The kids were out of school this week, and we took a ferry and rail trip to Scotland. We had fun, though there are some things we should (and will) do differently next time. I’m sure that Becky will write more about our trip; perhaps I will also. The trip home yesterday, though, was far from smooth. We were saved, though, by the kindness of strangers.
First, Becky left her purse on the first train of the day. As we got off at our stop, Noah was throwing a temper tantrum. I was getting the larger luggage and the big kids off the train and, while struggling with the tantruming toddler, she just left it under the edge of her seat. It was a short connection, and she realized it was missing as we boarded the next train five minutes later. But the purse was long gone, on a train that wouldn’t stop again before London. We reported the missing purse to the conductor on our new train, and he called the station to contact the train we had departed. We didn’t hear anything back through the expected channels, but when we tracked down the right number to call later in the afternoon, we found that the purse had gotten to exactly where it was supposed to be, iPhone and all. There have been some logistical problems with getting it shipped back to us—they wanted us to come and get it and have had some IT problems with setting up the shipment—but it is going to happen soon I think. I’m grateful for the strangers, employees or passengers from the train and the staff at the stations, who made this happen.
Second, and more personally, when we arrived at Holyhead station to board our 5:15 p.m. ferry we found that it—a fast ferry prone to cancel in high seas—had been canceled. We were already scheduled to get home at the children’s bedtime, and we didn’t really have a backup plan. The next Irish Ferries ferry was a slow ferry at 2:00 in the morning—not a viable option for a family with small children. There was also a slow Stena Line ferry at 9:30 p.m., but pedestrians were not permitted, only vehicle passengers. As we stood in the terminal, pondering our next move, a man approached us. He asked if we had been planning to take the 5:15 p.m. ferry. He said that he had been, also, and, while he had planned to go as a pedestrian, he had his car and, if he could get a refund on his Irish Ferries ticket, he would be taking the Stena Line. Would we be interested in squeezing into his car to get on the ferry? We worried a bit about if this was some kind of scam, but he seemed sincere. After he got his refund with Irish Ferries, I went with him to the Stena Line desk to make our booking and felt more secure after I paid Stena Line directly for our portion of the fare.

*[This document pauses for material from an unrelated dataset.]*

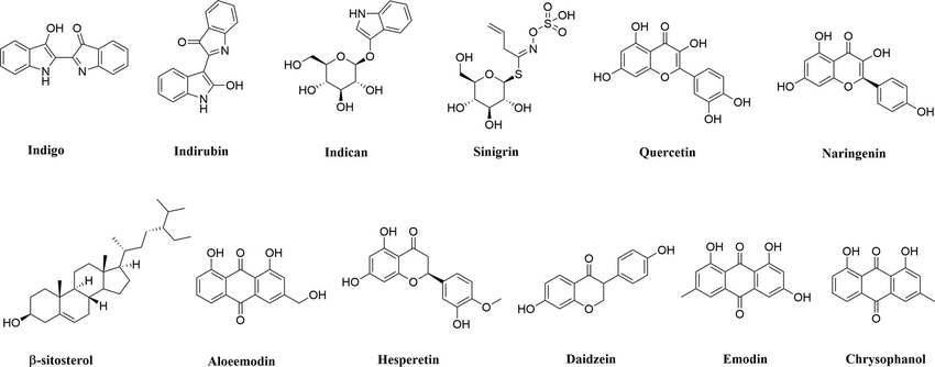 The roots include the following chemical constituents (1) Alkaloids: indigotin, isatin, indirubin, [64] indoxyl-β-glucoside, 2,5-dihydroxy-indole, 2,3-dihydro-4-hydroxy-2-oxo-indole-3-acetonitrile, indole-3-acetonitrile-6-O-β-D-glucopyranoside,[77] hydroxyindirubin, isaindigodione, (E)-3-(3',5'-dimethoxy-4'-hydroxybenzylidene)-2-indolinone, 3-formyl-indole, deosyvasicinone, isaindigotone, tryptanthrin,[78] 3-(2'-carboxyphenyl)-4(3H)-quinazolinone, 4(3H)- quinazolinone, 3-(2'-hydroxyphenyl)-4(3H)-quinazolinone, isaindig otidione, Isatan A,[79] 3-[2'-(5'-hydroxymethyl)furyl]-1(2H)-isoquinolinone-7-O-β-D-glucoside, 2,3-dihydro-1H-pyrrolo[2,1-c][1,4]benzodiazepine-5,11(10H,11aH)-dione.[80] (2) Flavonoids: [81-83] neohesperidin, liquiritigenin, isoliquiritigenin, isovitexin, linarin, eupatorin. (3) Lignans: [72] (-)-lariciresinol, lariciresinol-4-O-β-D-glucopyranoside, lariciresinol-4,4'-di-O-β-D-glucopyranoside, 4-(1,2,3-trihydroxypropyl)-2, 6-dimethoxyphenyl-1-O-β-D-glucopyranoside, syringin, (+)-isolariciresinol. (4) Organic acids: [84] 3-pyridinecarboxylic acid, maleic acid, 2-hydroxy-1,4-benzenedicarboxylic acid, benzoic acid, salicylic acid, syringic acid, palmitic acid, succinic acid, 2-amino benzoic acid, 5-hydroxymethyl furoic acid. (5) Anthraquinones: [85] emodin, emodin-8-O-β-D-glucoside. (6) Steroids: [86] β-sitosterol, daucosterol, γ-sitosterol. (7) Sinigrins: [87] 3-indolylmethyl gluosinolate, neoglucobrassicin, 1-sulpho-3-indolylmethylgluosinolate. (8) Sulfur compounds: [88] epigoitrin, 1-thiocyano-2-hydroxy-3-butene. (9) Amino acids: [89] praline, arginine, tyrosine, valine, glutamic acid, γ-aminobutyric acid, leucine, tryptophan, aspartic acid, L-threonine, β-hydroxyalanine, glycine, isoleucine, phenylalanine, histidine, lysine. (10) Nucleotides: [90] uridine, hypoxanthine, uracil, adenosine, guanine. (11) Others: [91-94] ammonium formate, sucrose, 5-hydroxymethyl-furaldehyde, n-butyl-O-β-D-fructopyranose, mannitol, pyrophaeophorbideα, polygalitol.

And, it worked out fine. He is a composer from England who, judging by his website, is quite successful. All five of us piled into his little Volkswagen Beetle with him and rode onto the ferry. Our exhausted children resisted sleep for the entire ferry ride, watching Curious George over and over again in the play room on the ferry, and, when we got to Dublin, we piled back into his car, and he drove us off the ferry. There, he dropped us off and continued his journey to Belfast, refusing my offer of money. We called a Taxi to take us the remaining five minutes to home, and put the kids in bed at about 2 a.m.
I have this stranger’s name and email address, and we’re trying to come up with an appropriate gesture of thanks, perhaps a charitable donation in his honor… But, in any case, we are tremendously grateful for the kindness of strangers, seen and unseen, who helped us on our way.